January 16, 2023
By Dr. Joel K. Kahn
This article addresses what I call sederericide (killing oneself by excessive sitting).
I am a cardiologist addicted to standing. I use a standing desk when I see patients at my office. I use a standing desk at home. When we used to go to conferences I was always the guy in the back of the room pacing back and forth rather than sitting. When we use to fly I was the guy by the exit row standing and squatting. Are you that attorney with the same issue?
We can all blame James Levine, M.D., Ph.D., of the Mayo Clinic. He has shown the health risks of prolonged inactivity and sitting. His research showed that even small movements contributed to health and prolonged sitting contributed to disease and even early death. He explained in 2014:
Excessive sitting has been linked to more than 2 dozen chronic diseases and conditions including cardiovascular disease, diabetes mellitus, obesity, hypertension, hyperlipidemia, back pain, ankle swelling, and deep vein thrombosis. Of concern, going to the gymnasium after work does not offset the harm of sitting, and excess sitting harms lean and obese people alike. Studies, thousands of them, drill down to the same point: sitting is lethal.
Or to quote the title of Dr. Levine’s 2014 book, Get Up! Why Your Chair is Killing You and What You Can Do About It.

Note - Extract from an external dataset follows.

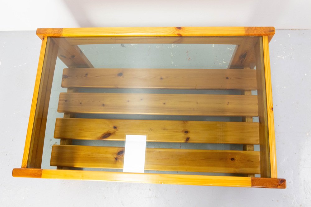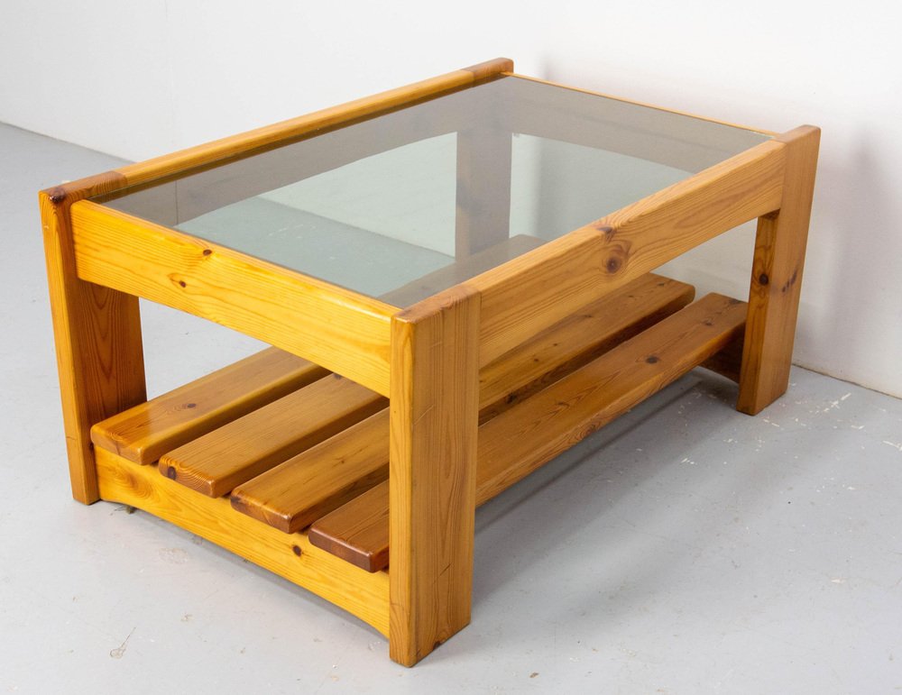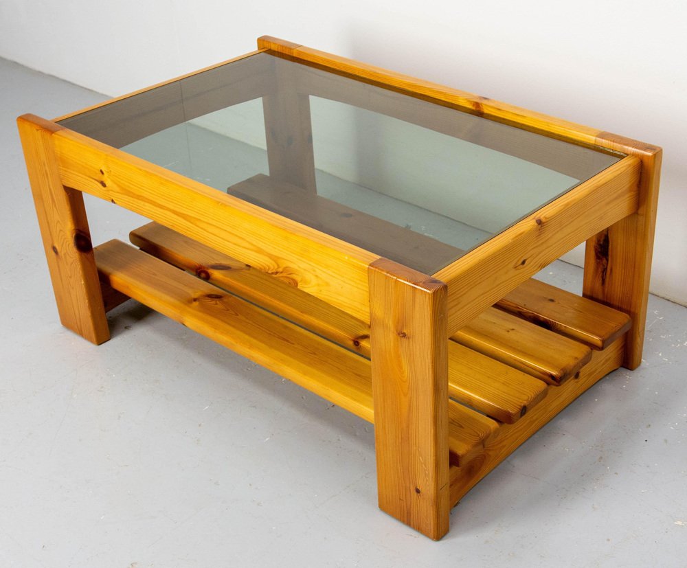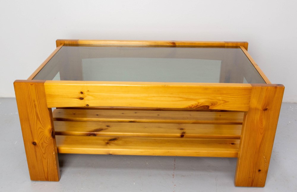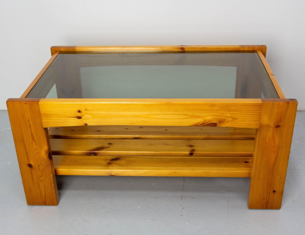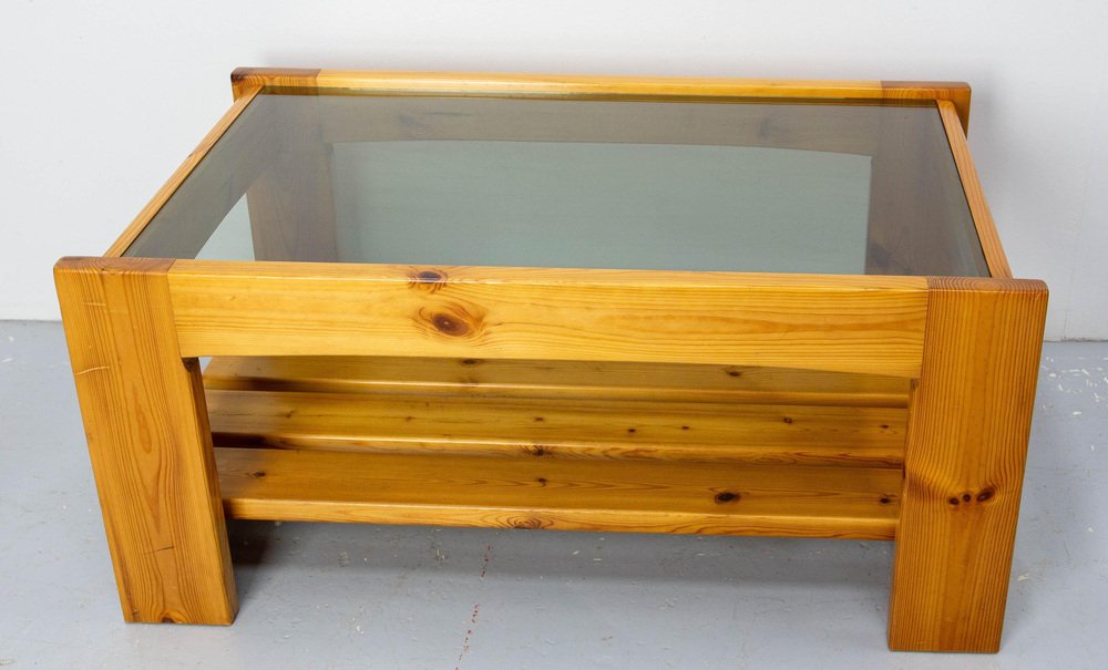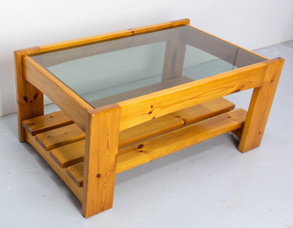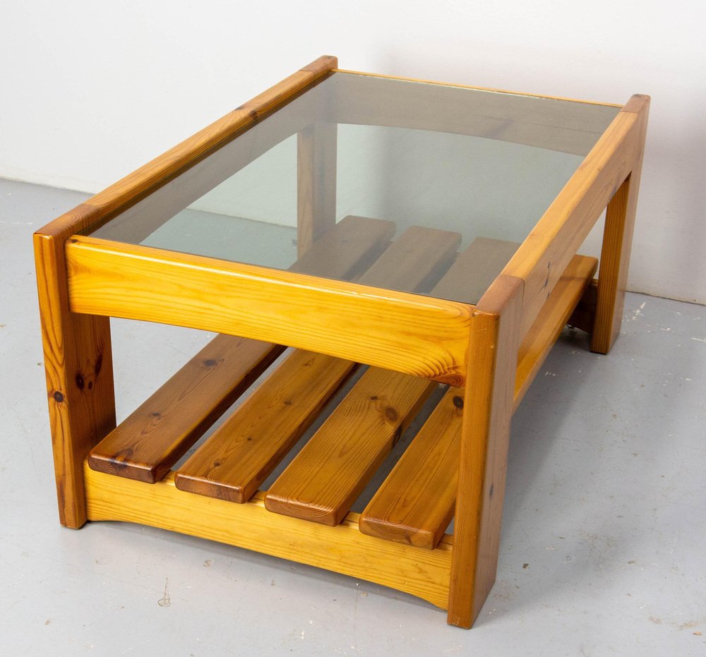 Vintage French Coffee Table in Pine and Smoked Glass, 1980s

How did Dr. Levine identify the health risks of prolonged inactivity? About 15 years ago he had research subjects wear underwear with multiple sensors in them to track their activity. He observed that obese individuals moved less compared with thin people during an average day. It was not gym time but small motions like standing, shaking legs and walking to the water cooler. He called these motions NEAT or non-exercise activity thermogenesis. It helps to burn calories when you are active, even if it is just standing and fidgeting.
Subsequently, researchers have found that each hour of sitting per day is associated with an increased hardening of heart arteries, a sign of aging. These small, daily and consistent movements, NEAT, were more preventive of heart aging than even prolonged time in the gym! The lead author of the study summarized the findings as “how much you sit every day may represent a novel, companion strategy (in addition to exercise) to help reduce your cardiovascular risk.” Heart disease joins other diseases linked to excessive sitting including diabetes mellitus, high blood pressure, obesity, cancer, and dementia. Even 30 minutes of sitting has been found to raise the “bad” LDL cholesterol, blood pressure, blood sugar and inflammation levels along with lower levels of mental alertness.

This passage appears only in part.